При подробном рассмотрении мы обнаруживаем три способа видимости: 1. видимость как блеск и сияние; 2. видимость и свечение как явление, вы-свечивание чего-либо; 3. видимость как кажимость, впечатление, которое кто-то производит. В то же время выясняется: на-званное во вторую очередь «свечение», явление в смысле выказывания себя, пригодно как для видимости-блеска, так и для видимости-кажимости, и не как любое свойство, а как основа возможности оного. Сущность видимости лежит в явлении. Оно означает показывание-себя, пред-ставление-себя, близ-стояние и пред-лежание. Долгожданная книга наконец-то появилась, т. е. она предложена, наличествует, и поэтому ее можно приобрести. Если мы скажем: Луна светит, это означает не только: она распространяет свет, определенную яркость; но и: она стоит на небе, при-сутствует, она есть. Звезды светят: сияя, они присутствуют. Видимость значит здесь то же самое, что и бытие. [Стихи Сафо: άστερες μέν άμφί κάλαν σελάνναν … («Звезды вокруг прекрасной луны») и стихотворение Матиаса Клаудиаса «Колыбельная в час, когда светит Луна» («Em Wiegenlied bei Mondschein zu singen») дают благоприятный повод, дабы задуматься о бытии и видимости.]
§ 38. Внутренняя связь бытия и видимости.
«Бытие», понятое в греческом смысле как φύσις, восходяще-пребывающее властвование и зримое явление
Обратив внимание на сказанное, мы натолкнемся на внутреннюю связь бытия и видимости. Но уразумеем ее полностью лишь в том случае, если, соответственно, поймем «бытие» изначально, т. е. по-гречески. Мы знаем: бытие раскрывается грекам как φύσις;. Восходяще-пребывающее властвование есть в самом себе видимое явление. Словесные ; основы φυ- и φα- называют одно и то же. Φύειν, покоящееся в себе восхождение, есть φαίνεσθαι, выброс света, показывание себя, явление. То, что мы, по большей части перечислительно, показали на примере определенных черт бытия, и то, что дала нам ссылка на Парменида, — все это уже способствует некоторому пониманию того основного греческого слова, которое обозначает бытие.
Было бы весьма поучительно пояснить именующую силу этого слова, исходя из великой поэзии греков. Здесь достаточно указания и на то, что, например, для Пиндара φύά [лик, стать, красота] составляет основное определение сиюбытности: τό δέ φύά κράτιστον άπαν, то, что есть из и через φύά, есть целиком и полностью самое могущественное (Ол. IX, 100); φύά подразумевает то, чем некто изначально и собственно уже является: уже бывавшее (Ge-Wesende), в отличие от последующей вынужденной искушенности и принужденного делания всякого рода. Бытие есть основное определение благородства и благородного сословия (т. е. того, чья сущность имеет высокое происхождение и что покоится в нем). В этом смысле Пиндар запечатлевает (pragt) слова: γένοί οίος έσσί μαθών (Пиф. II, 72), «пусть бы ты проявил себя таким, каков ты есть, учась». Но стояние в самих себе для греков значит не что иное, как «сиестояние», стояние-в-свете. Быть значит являться. Это не означает ничего добавочного, что иногда сопутствует бытию. Бытие бытует (west) как явление.

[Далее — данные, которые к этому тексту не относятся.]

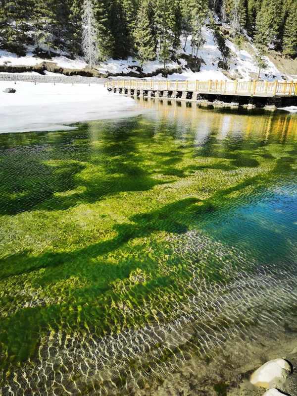 下来发现一处温泉,感觉这里的水已经融化,生机勃勃的样子。

Этим разрушается распространенное представление о греческой философии, согласно которому она якобы «реалистически» учила объективному бытию в себе, в отличие от субъективизма Нового времени. Это расхожее представление зиждется на поверхностном понимании. От таких наименований, как «субъективный» и «объективный», «реалистический» и «идеалистический», мы должны отстраниться.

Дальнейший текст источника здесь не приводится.